Written by my friend and teacher, Tory Marsh. Posted here with Permission.
I know it’s been a couple of weeks, and you’re doing okay. I wanted to reach out and say that I love you, and I know that the #metoo movement all over Facebook has probably been pretty rough.
I felt it so I know you’ve felt it, too.
And, now we’re at that time when it’s after the funeral and all of the guests have gone home, no one is around to mourn and feel sad with… and you try to get on with life. Alone. Sad. Pretending like you’re fine, and feeling everything but. But you’ve been fine before so you’ll be fine again, you know that much.
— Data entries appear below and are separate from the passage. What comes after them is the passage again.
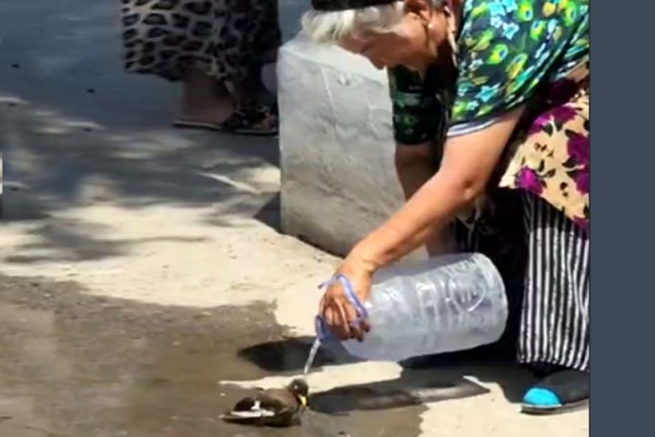 Жительница Андижана напоила водой изможденную от жары птицу
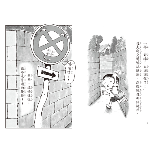 肚子餓扁的達夫為了吃最喜歡的咖哩飯,急著跑回家。突然,一個交通號誌從達夫的面前冒出來,告訴他有捷徑。「哇~真是幫了大忙!非常謝謝你!」說完,達夫立刻往捷徑的方向跑去。但是,這不是一條普通的捷徑!
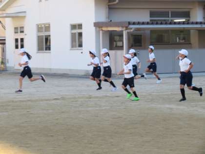 朝のかけ足がありました。今日は、2・4・6年生です。7分間走りました。
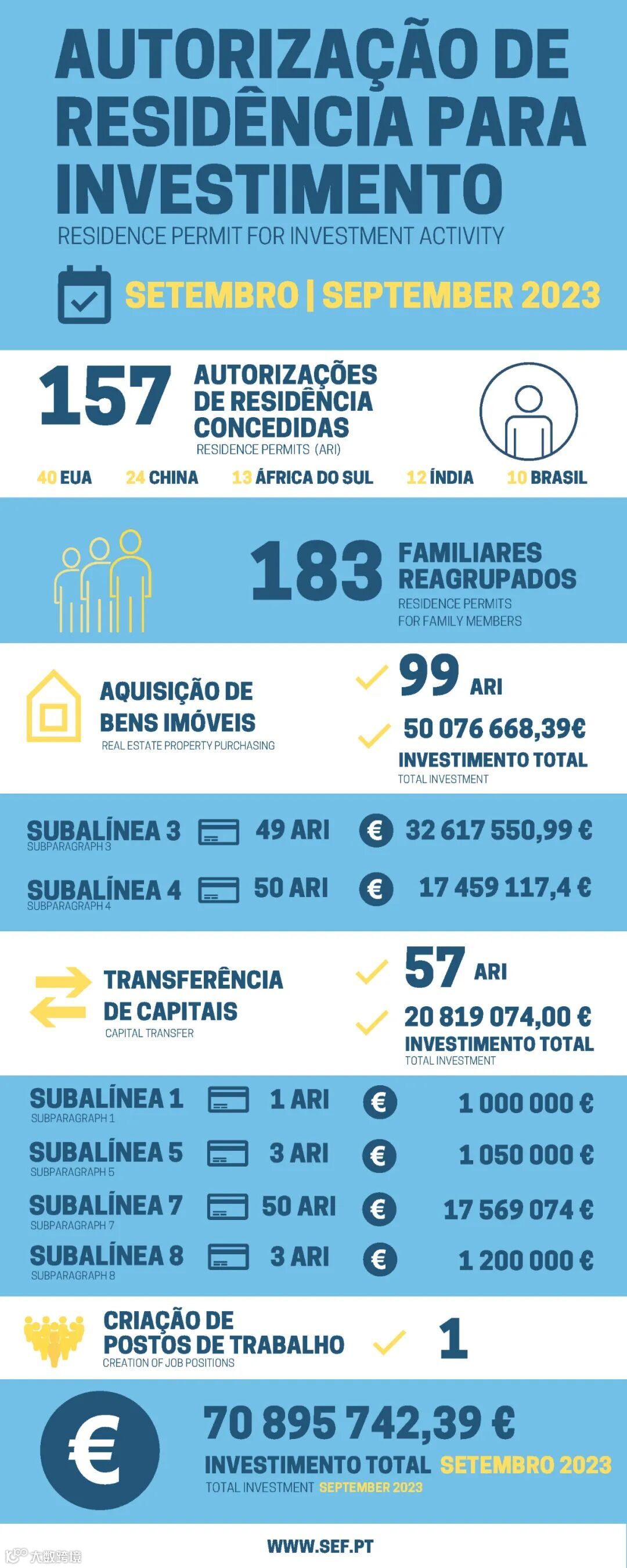 近日,葡萄牙移民局(SEF)公布了2023年9月黄金签证数据。9月份的葡萄牙投资移民黄金卡审批批准数量为157份。虽然葡萄牙购房移民已经关停,但投资移民审批还在继续。

I know that you didn’t ask for this quiet secret part of yourself to be opened. I know that you didn’t decide to finally heal these old wounds and bring them to the surface to be let go. You weren’t really ready for it, or asking for it.
I know that again, without your consent you’ve been flooded with the past instances of abuse, harassment, and victimization… all happening at the same time in your mind, reliving stories as they appeared from that long forgotten storage place. Feeling the wave of confusion, hurt, blame, disappointment, fear, shame, and a whole host of other mixed emotions… all at the same time in unexpected ways. Assaulted, again. And faced with decisions about how to share, are you willing to share, sharing a #metoo if you can… and even in that small gesture is unbelieveable weight and pressure and danger. I know, I have felt it, too.
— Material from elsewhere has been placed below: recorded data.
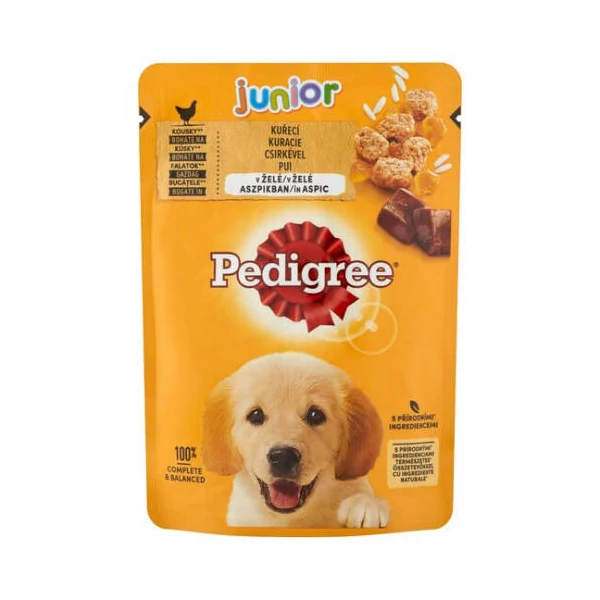 - Pedigree teljes értékű nedves eledel kölyökkutyák részére csirkével aszpikban.
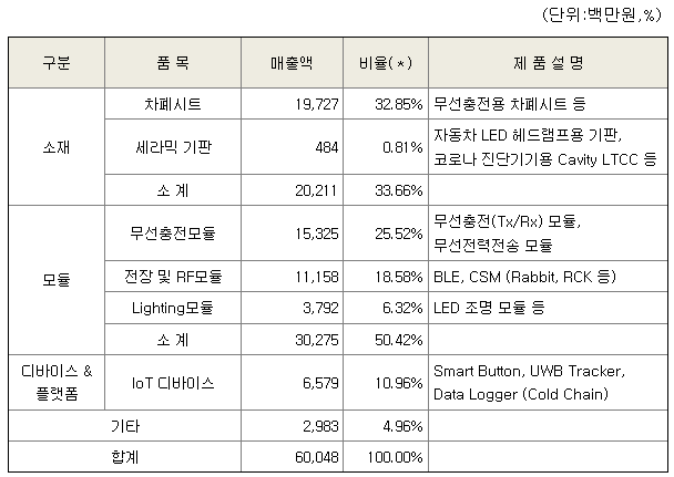 상기 사업영역 중 현재 매출 비중이 큰 주요 제품은 소재부문의 무선충전 차폐시트, 모듈 부문의 무선충전(Tx/Rx) 모듈, 전장 및 RF모듈 그리고 디바이스 & 플랫폼의 IoT 디바이스 등입니다. 이들 제품은 2022년 현재 당사의 전체 매출 중 약 80% 이상을 차지하고 있습니다.
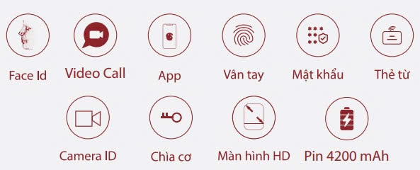 Phương thức mở khóa: Nhận diện khuôn mặt 3D, vân tay, mật mã, thẻ từ, chìa cơ

Keep doing the best you can. Know that you survived then and you are surviving now. Get the help if you need it. Reach out if you need it. I know that these stories, this unrest, this disturbance doesn’t just go away as the hype dies down. But you’re brave, you’re strong, and you are capable. Love yourself, heal yourself, release yourself from this weight that you carry that maybe you no longer have to. It’s all coming up to the surface to release. Feel through it, do what you need to do. Meditate, throw some Ho’oponopono at it, tap on it, talk about it, journal it out, release yourself from the chains holding on to this, cry, scream, paint, dance, nap… whatever you need is the right thing.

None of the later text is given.